MATERIAL SUPPLIED:
####

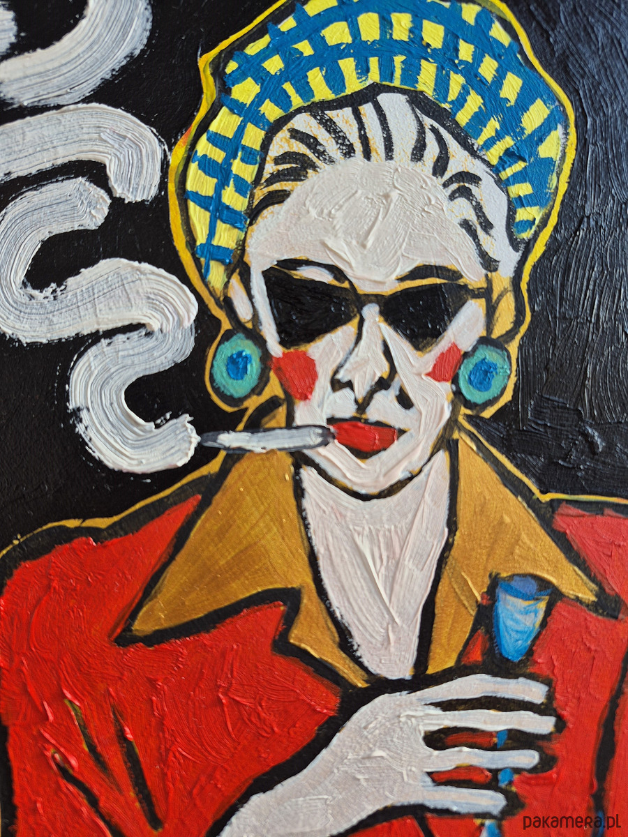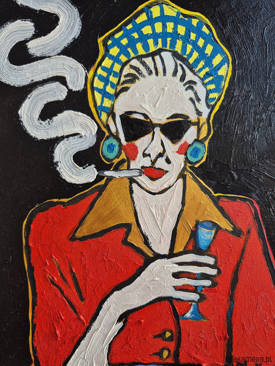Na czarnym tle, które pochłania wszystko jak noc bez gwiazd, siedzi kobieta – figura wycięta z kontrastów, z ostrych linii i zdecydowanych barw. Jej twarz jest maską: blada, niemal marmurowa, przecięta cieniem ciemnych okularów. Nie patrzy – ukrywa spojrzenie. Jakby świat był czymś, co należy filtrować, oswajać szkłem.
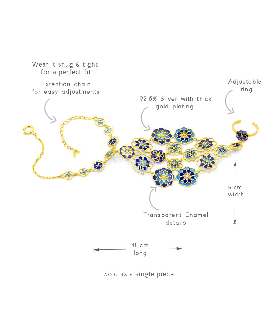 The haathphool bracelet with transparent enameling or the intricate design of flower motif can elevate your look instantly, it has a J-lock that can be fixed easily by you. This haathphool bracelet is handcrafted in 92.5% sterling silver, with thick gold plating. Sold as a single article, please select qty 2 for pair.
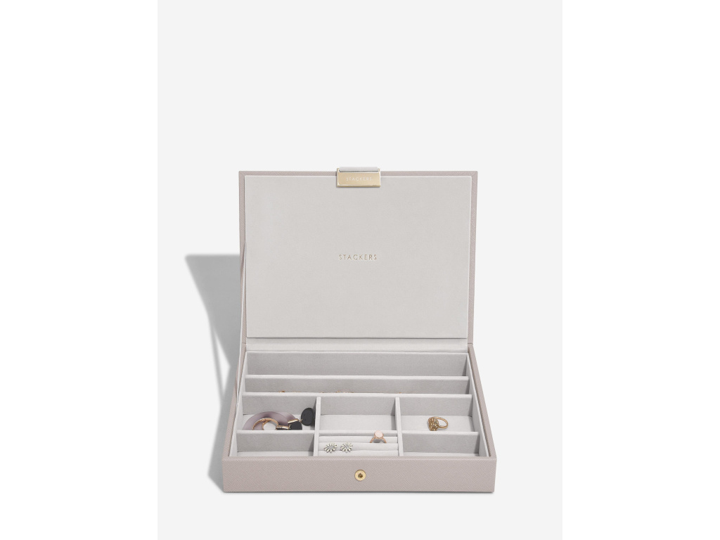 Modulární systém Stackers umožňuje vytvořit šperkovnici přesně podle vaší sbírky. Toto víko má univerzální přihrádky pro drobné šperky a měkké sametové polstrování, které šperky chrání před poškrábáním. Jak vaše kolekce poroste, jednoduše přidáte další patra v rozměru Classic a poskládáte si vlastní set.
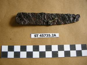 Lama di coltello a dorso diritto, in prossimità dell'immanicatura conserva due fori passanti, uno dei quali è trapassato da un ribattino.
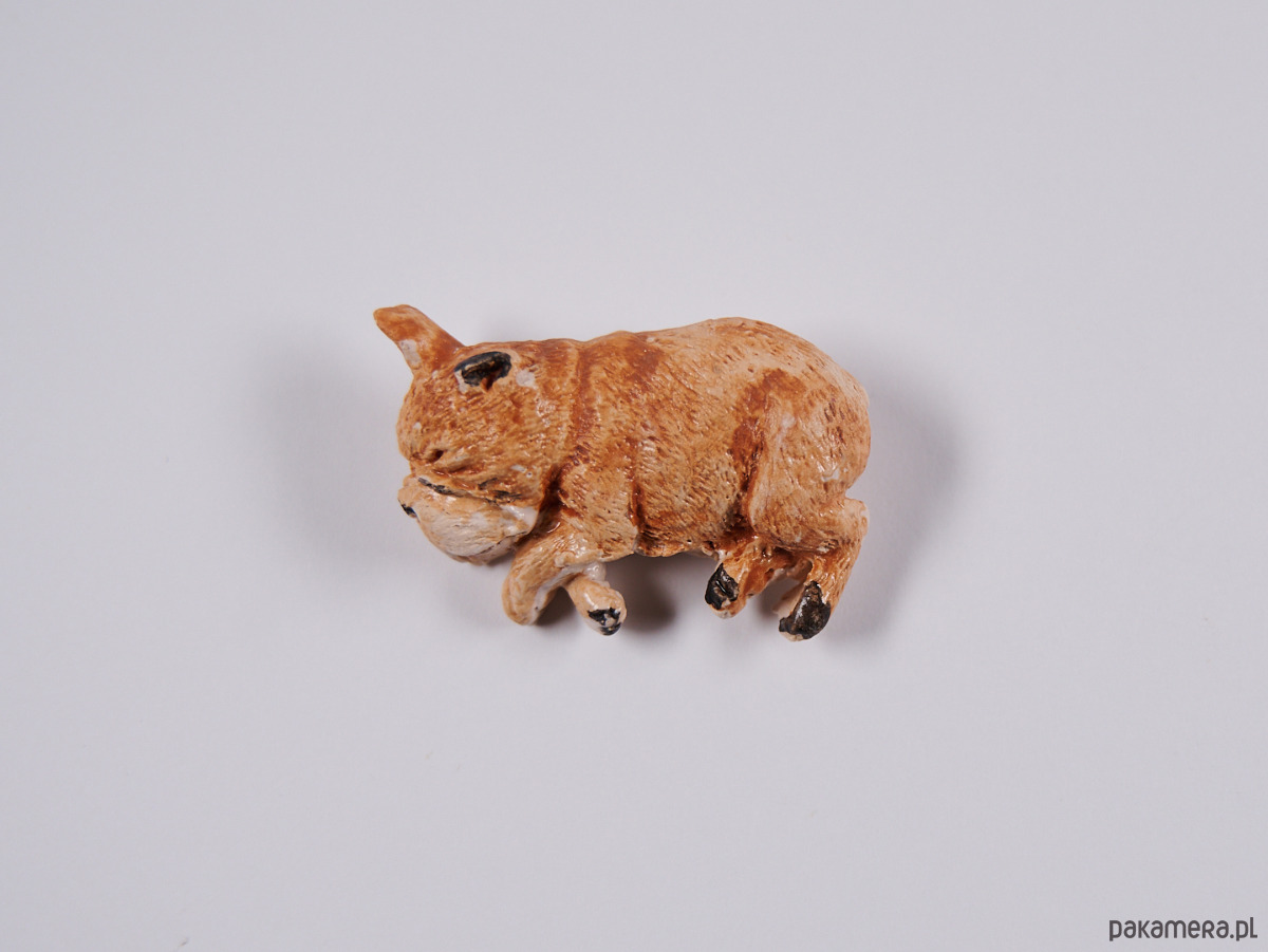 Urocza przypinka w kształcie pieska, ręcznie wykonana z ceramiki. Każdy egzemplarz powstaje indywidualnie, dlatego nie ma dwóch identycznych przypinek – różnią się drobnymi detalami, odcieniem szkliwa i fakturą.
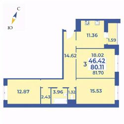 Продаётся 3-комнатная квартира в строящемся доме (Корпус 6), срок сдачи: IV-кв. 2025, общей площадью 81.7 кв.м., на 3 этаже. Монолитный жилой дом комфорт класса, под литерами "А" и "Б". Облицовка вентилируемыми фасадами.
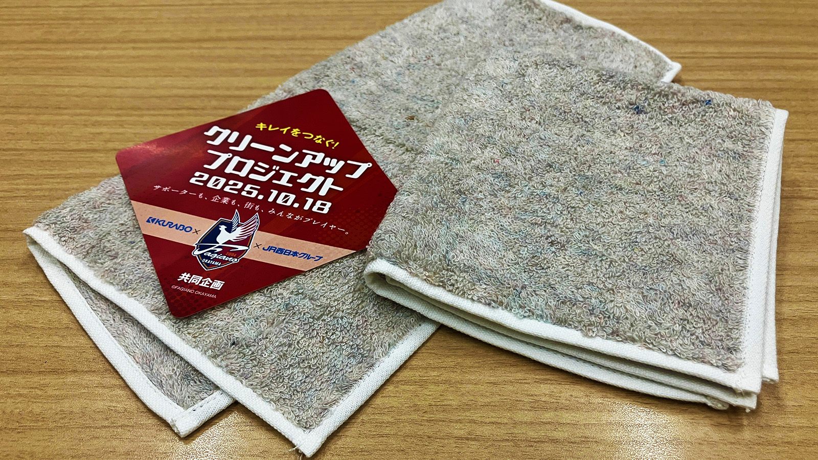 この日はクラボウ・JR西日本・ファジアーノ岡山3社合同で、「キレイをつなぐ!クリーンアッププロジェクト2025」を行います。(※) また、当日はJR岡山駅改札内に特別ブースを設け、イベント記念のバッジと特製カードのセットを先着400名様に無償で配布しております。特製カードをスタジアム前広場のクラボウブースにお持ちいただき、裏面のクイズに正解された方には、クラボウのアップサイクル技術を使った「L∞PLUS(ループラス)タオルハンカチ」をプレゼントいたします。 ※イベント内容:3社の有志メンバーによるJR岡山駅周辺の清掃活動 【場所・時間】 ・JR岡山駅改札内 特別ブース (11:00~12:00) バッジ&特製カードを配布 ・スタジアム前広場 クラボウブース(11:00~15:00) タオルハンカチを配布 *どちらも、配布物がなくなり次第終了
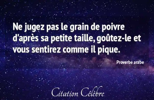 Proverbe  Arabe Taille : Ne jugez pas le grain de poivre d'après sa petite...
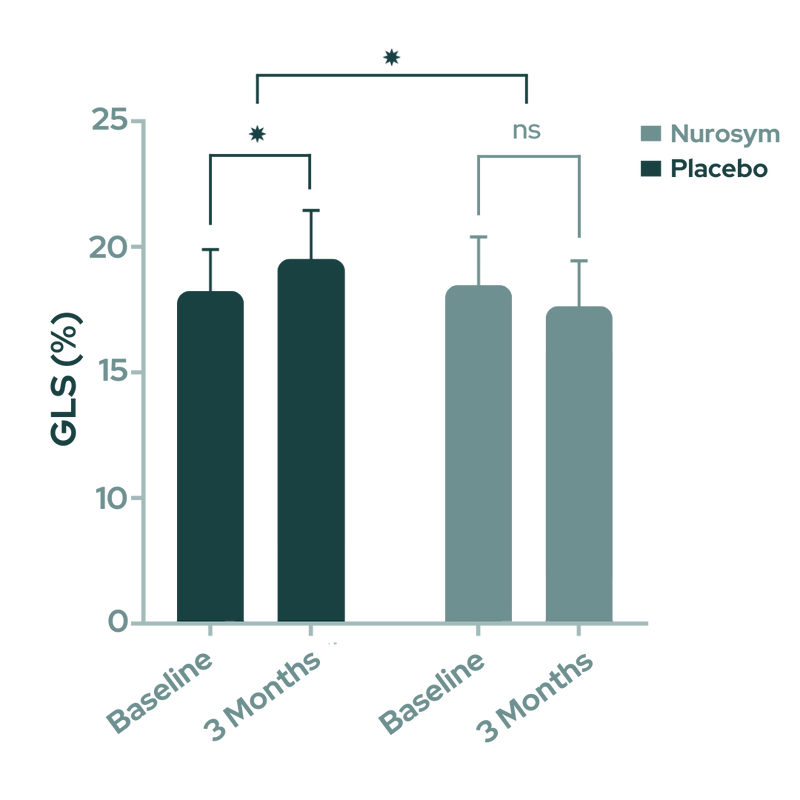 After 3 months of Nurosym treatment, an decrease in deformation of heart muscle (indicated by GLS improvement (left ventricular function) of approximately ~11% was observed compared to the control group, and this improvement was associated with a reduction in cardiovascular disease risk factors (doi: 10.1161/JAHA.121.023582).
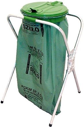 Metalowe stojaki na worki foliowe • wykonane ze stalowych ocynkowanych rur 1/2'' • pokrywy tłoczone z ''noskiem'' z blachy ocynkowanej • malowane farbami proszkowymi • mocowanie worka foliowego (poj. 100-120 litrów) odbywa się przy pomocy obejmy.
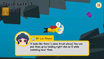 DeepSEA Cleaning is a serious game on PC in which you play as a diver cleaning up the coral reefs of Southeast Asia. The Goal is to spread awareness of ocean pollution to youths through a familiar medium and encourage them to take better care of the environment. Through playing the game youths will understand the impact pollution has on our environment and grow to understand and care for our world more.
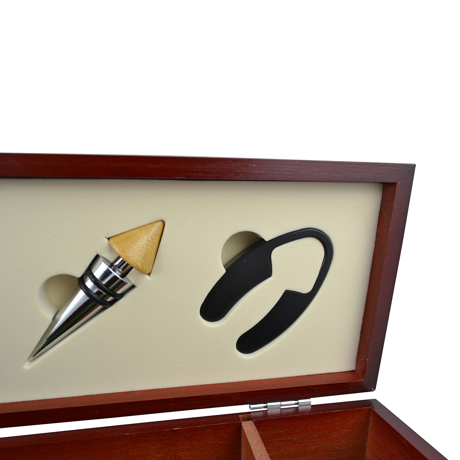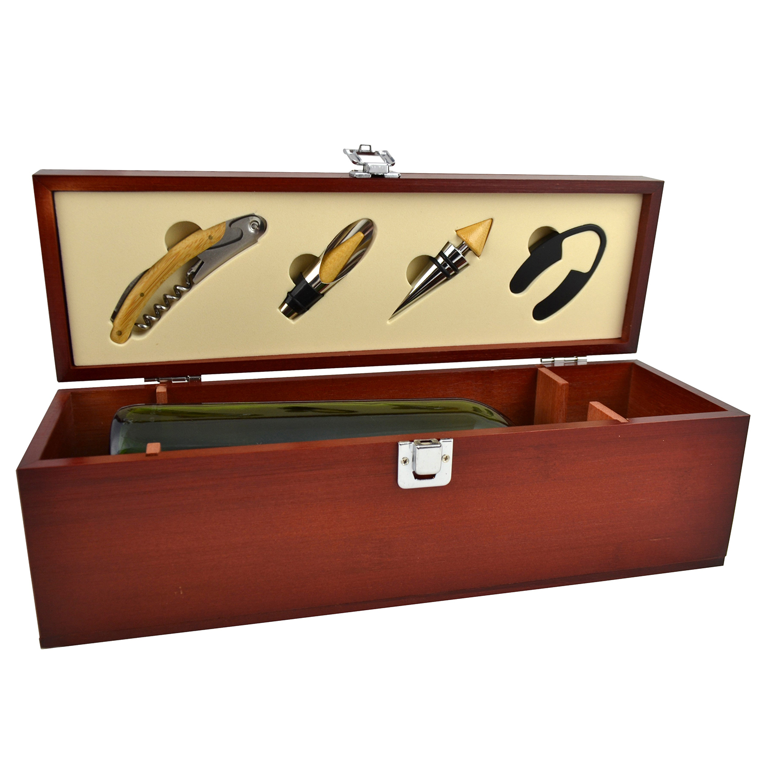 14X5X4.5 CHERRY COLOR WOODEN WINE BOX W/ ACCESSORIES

####

TASK DIRECTIONS: Looking above, find the stretch of lines that opens with the one holding "Lama di coltello" and closes with the one holding "Продаётся 3-комнатная квартира". Copy it exactly, pictures excluded.

RESULT BELOW:
 Lama di coltello a dorso diritto, in prossimità dell'immanicatura conserva due fori passanti, uno dei quali è trapassato da un ribattino.
 Urocza przypinka w kształcie pieska, ręcznie wykonana z ceramiki. Każdy egzemplarz powstaje indywidualnie, dlatego nie ma dwóch identycznych przypinek – różnią się drobnymi detalami, odcieniem szkliwa i fakturą.
 Продаётся 3-комнатная квартира в строящемся доме (Корпус 6), срок сдачи: IV-кв. 2025, общей площадью 81.7 кв.м., на 3 этаже. Монолитный жилой дом комфорт класса, под литерами "А" и "Б". Облицовка вентилируемыми фасадами.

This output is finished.